In another small retrospective study, an interesting combination of techniques was reported. In 28 patients (29 legs) with isolated AASV incompetence and varicose tributaries, phlebectomies of all varicosities were performed under local tumescent anesthesia, which was followed by foam sclerotherapy of the refluxing AASV using polidocanol foam (1%, 2%, or 3%) that was injected 5 to 8 cm from the SFJ.23 The authors mainly focused on the immediate follow-up, in view of potential thrombotic complications. At 1 week, DUS showed occlusion of the AASV and no deep vein thrombosis. In one case, there was a mild inflammatory reaction and, in another case, there was a more pronounced inflammatory reaction at the site of AASV treatment. Unfortunately, further follow-up was not well documented.
Finally, the nonthermal, nontumescent techniques (mechanochemical ablation, cyanoacrylate glue) have not yet been studied in isolated AASV incompetence, but the promising results of these techniques in GSV and SSV incompetence could probably also be achieved in isolated AASV incompetence.
Role of the AASV in recurrent varicose veins after surgery and endovenous ablation: the eternal culprit?

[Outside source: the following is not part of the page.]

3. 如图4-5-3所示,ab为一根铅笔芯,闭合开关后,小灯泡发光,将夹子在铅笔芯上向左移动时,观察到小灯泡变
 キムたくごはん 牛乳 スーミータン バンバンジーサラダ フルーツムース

After previous surgical or endovenous treatment of the GSV, recurrent varicose veins often originate from the groin, with recurrent or persisting reflux of the SFJ, new refluxing tributaries, and/or neovascularization.24 One of the most “popular” pathways of recurrence, causing varicose veins at the thigh level, is an incompetence of the SFJ with reflux of the AASV.
Garner et al25 evaluated a series of patients with recurrent varicose veins by means of DUS and found 141 groin recurrences, where a refluxing AASV was involved in 61 (43%) of these recurrences. They concluded that the AASV should be routinely looked at during preoperative DUS scanning and they advocated more thorough surgery at the SFJ, including dissecting/dividing the AASV beyond the side branches or stripping of the AASV, if identified during operation.
Nowadays, the situation is not that different after EVTA of the GSV. Several studies have reported new incompetence of the AASV to be responsible for recurrence of varicose veins in 8% to 35% of cases.26-28 This is probably related to persisting incompetence of the SFJ after EVTA in certain cases, although the pathophysiology is not completely clear. Future studies will be needed, including prospective DUS follow-up, to unravel this issue further. Whether EVTA at the very SFJ (sometimes called laser or RFA crossectomy) or preventive ablation of a nonrefluxing AASV would reduce the number of recurrences from the groin and in particular involvement of the AASV in such recurrences remains unclear. Nevertheless, it can be concluded that the AASV remains an important culprit, so, nihil novi sub sole – nothing new under the sun.